• _TASK DESCRIPTION_
Using the data below, set down every line from the one containing "Domino Model DDC3" through the one containing "此工件的形状较简单,且对称,整体属于弯曲", inclusive and unchanged. Pictures are to be skipped.

• _SOURCE INFORMATION_
★ ★ ★ ★ ★
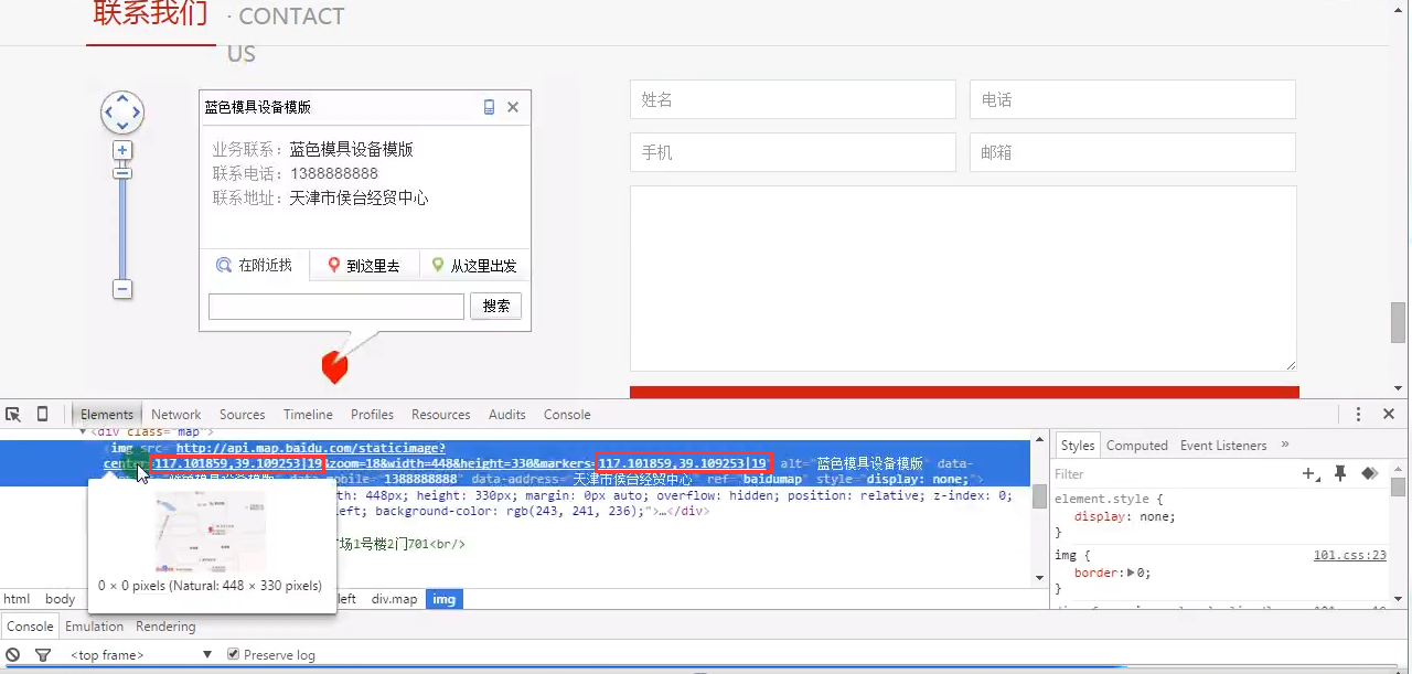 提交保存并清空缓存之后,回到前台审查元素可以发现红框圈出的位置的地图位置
★ ★ ★ ★ ★
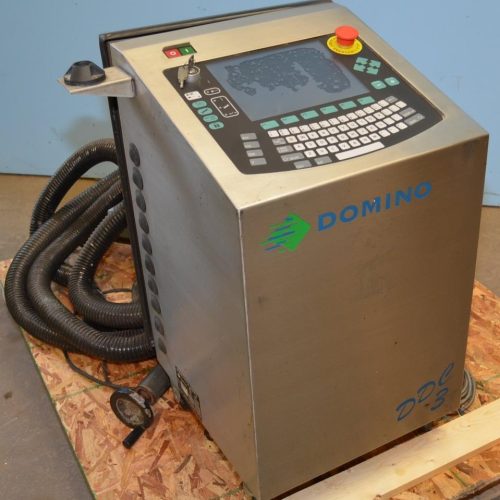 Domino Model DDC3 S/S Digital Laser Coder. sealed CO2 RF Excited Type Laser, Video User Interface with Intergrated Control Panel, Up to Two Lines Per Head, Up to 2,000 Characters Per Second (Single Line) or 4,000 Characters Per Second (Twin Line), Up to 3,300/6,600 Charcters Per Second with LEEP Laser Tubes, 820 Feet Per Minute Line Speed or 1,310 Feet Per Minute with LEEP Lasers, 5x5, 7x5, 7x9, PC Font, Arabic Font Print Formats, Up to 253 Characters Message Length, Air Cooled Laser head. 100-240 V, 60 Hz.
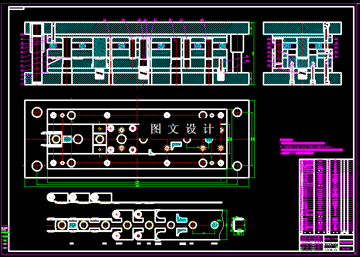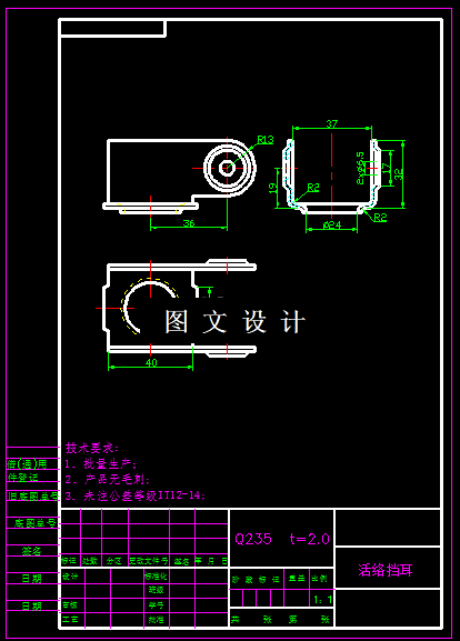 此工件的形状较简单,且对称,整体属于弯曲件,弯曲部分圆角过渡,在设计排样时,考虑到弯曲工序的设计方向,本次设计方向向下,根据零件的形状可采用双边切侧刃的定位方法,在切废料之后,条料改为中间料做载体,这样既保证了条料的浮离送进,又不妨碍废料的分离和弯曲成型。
★ ★ ★ ★ ★
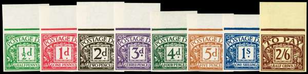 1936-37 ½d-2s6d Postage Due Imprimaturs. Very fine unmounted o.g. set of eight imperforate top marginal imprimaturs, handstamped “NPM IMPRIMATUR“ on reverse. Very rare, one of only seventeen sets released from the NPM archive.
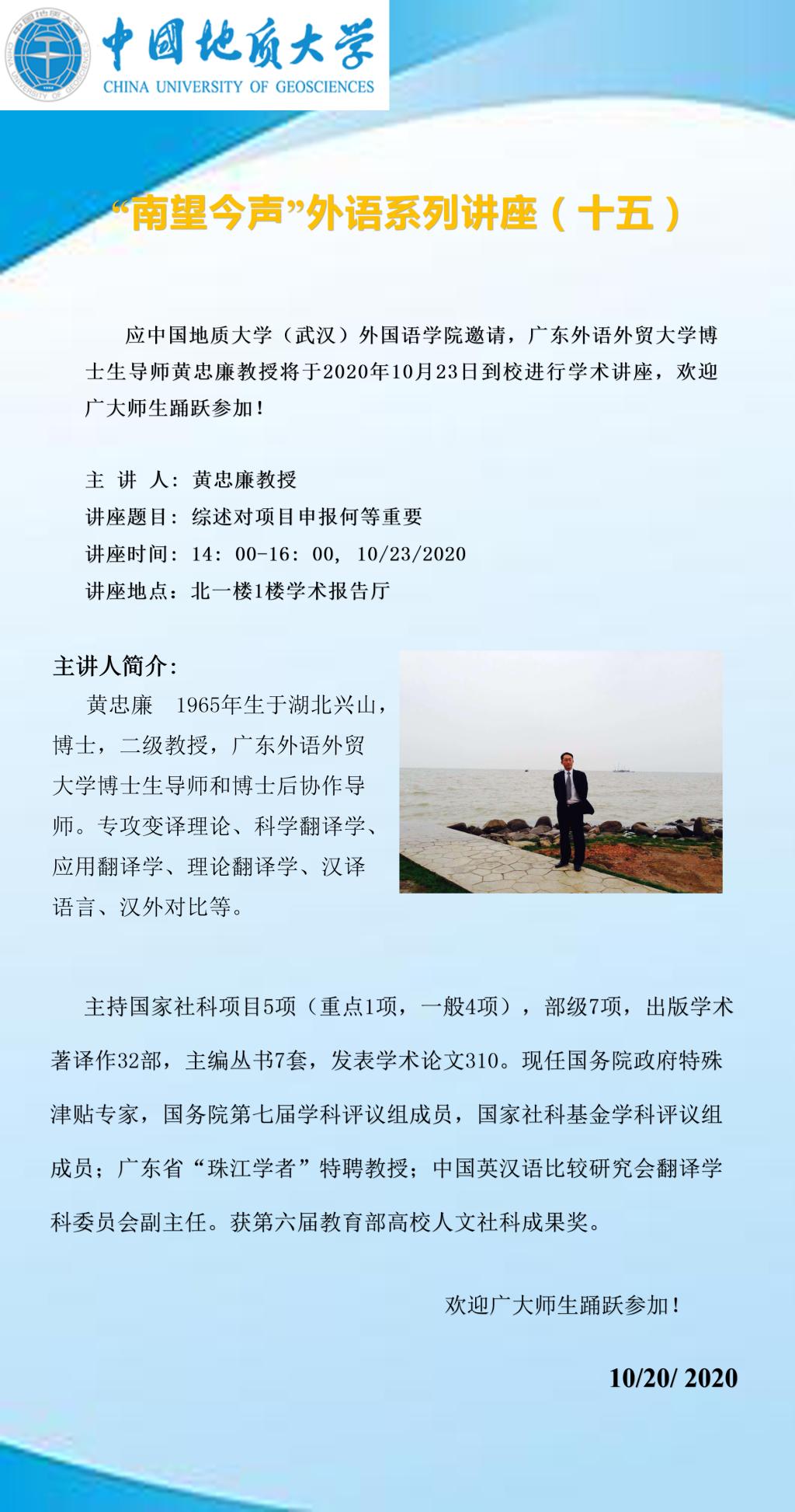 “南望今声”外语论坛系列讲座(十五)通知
★ ★ ★ ★ ★
• _COMPLETED TASK_
 Domino Model DDC3 S/S Digital Laser Coder. sealed CO2 RF Excited Type Laser, Video User Interface with Intergrated Control Panel, Up to Two Lines Per Head, Up to 2,000 Characters Per Second (Single Line) or 4,000 Characters Per Second (Twin Line), Up to 3,300/6,600 Charcters Per Second with LEEP Laser Tubes, 820 Feet Per Minute Line Speed or 1,310 Feet Per Minute with LEEP Lasers, 5x5, 7x5, 7x9, PC Font, Arabic Font Print Formats, Up to 253 Characters Message Length, Air Cooled Laser head. 100-240 V, 60 Hz.
 此工件的形状较简单,且对称,整体属于弯曲件,弯曲部分圆角过渡,在设计排样时,考虑到弯曲工序的设计方向,本次设计方向向下,根据零件的形状可采用双边切侧刃的定位方法,在切废料之后,条料改为中间料做载体,这样既保证了条料的浮离送进,又不妨碍废料的分离和弯曲成型。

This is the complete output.